Ce que le patron déchu de l’Alliance Renault-Nissan-Mitsubishi a dit au juge lors de sa comparution, le 8 janvier devant la Cour de district de Tokyo. (Le texte a été rendu public par un représentant de la famille Ghosn aux Etats-Unis)

Votre Honneur,

Je suis reconnaissant de pouvoir enfin avoir la possibilité d’exprimer publiquement mon  point de vue. Je me réjouis de pouvoir commencer à me défendre contre les accusations qui ont été formulées à mon égard.

Tout d’abord, laissez moi vous dire que j’aime et apprécie fondamentalement Nissan. Je crois sincèrement que, dans tous les efforts que j’ai déployés pour la compagnie, j’ai agi de façon honorable, légale, avec la totale connaissance et le complet appui des dirigeants à l’interne. Avec comme seul but de promouvoir et renforcer Nissan pour lui rendre la place qu’elle mérite en tant que l’une des principales et plus respectables compagnies japonaises.

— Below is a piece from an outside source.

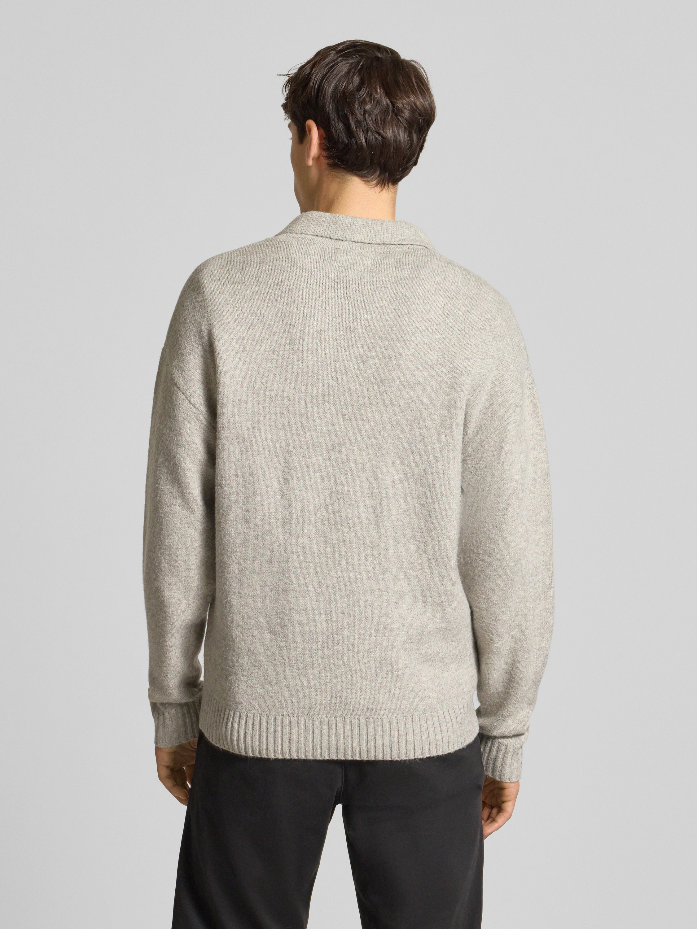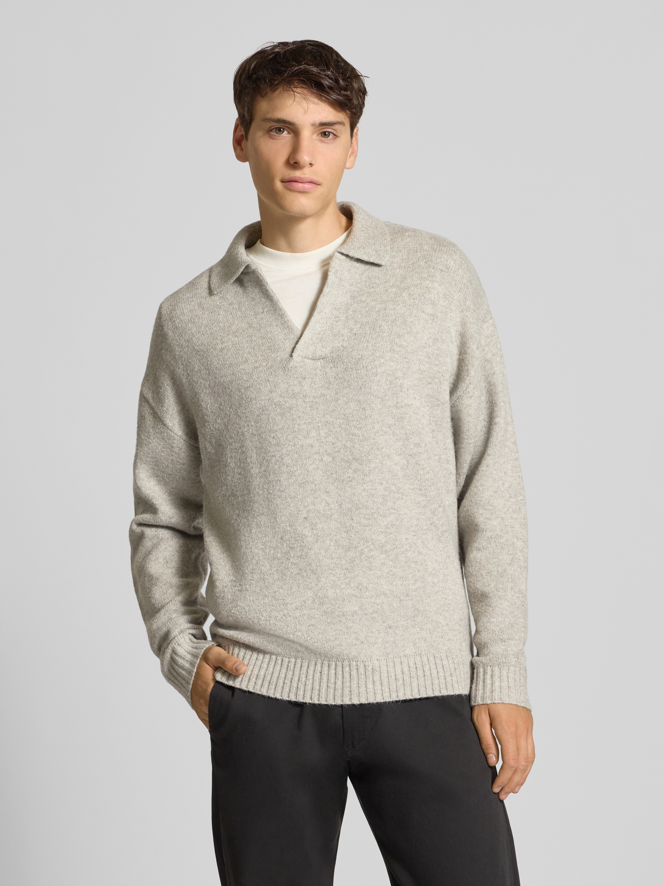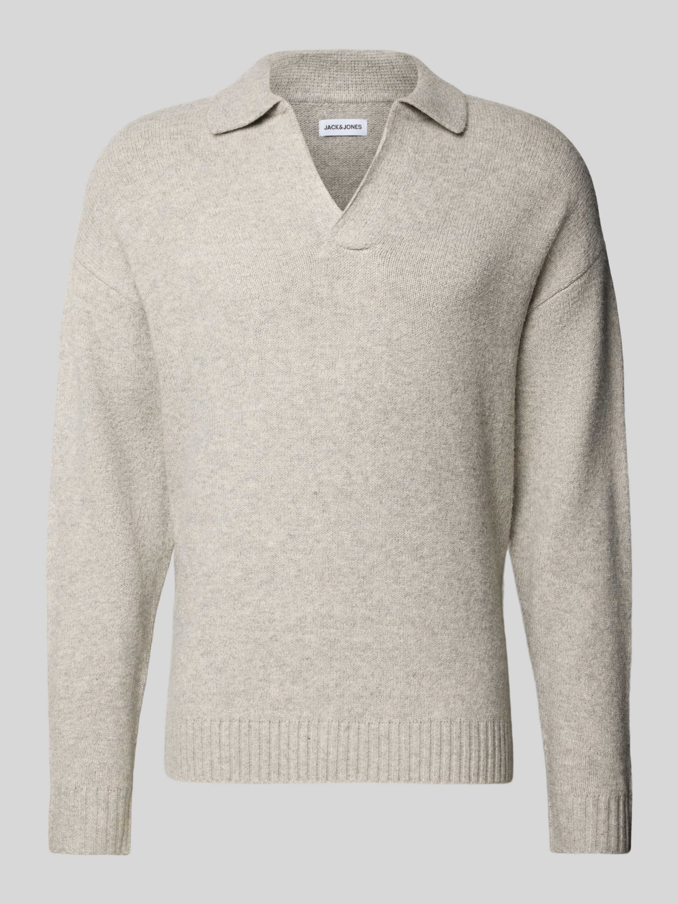 Gebreide pullover met V-hals, model 'SOHO' in lichtgrijs gemêleerd

Je voudrais maintenant aborder les accusations. 

1. Les contrats FX (foreign exchange)

Quand j’ai rejoint Nissan et que j’ai déménagé au Japon, il y a de cela presque 20 ans, je voulais être payé en dollars, mais on m’a expliqué que c’était impossible et on m’a fourni un contrat d’engagement qui stipulait que je serais payé en yens japonais. J’ai longtemps été préoccupé par la volatilité du yen face au dollar US. Je suis un individu habitué au dollar US – mes enfants vivent aux Etats-Unis et j’ai des liens forts avec le Liban, dont la devise possède un taux fixe face au dollar US. Je souhaitais pouvoir prévoir le montant de mon salaire, de façon à pouvoir prendre soin de ma famille.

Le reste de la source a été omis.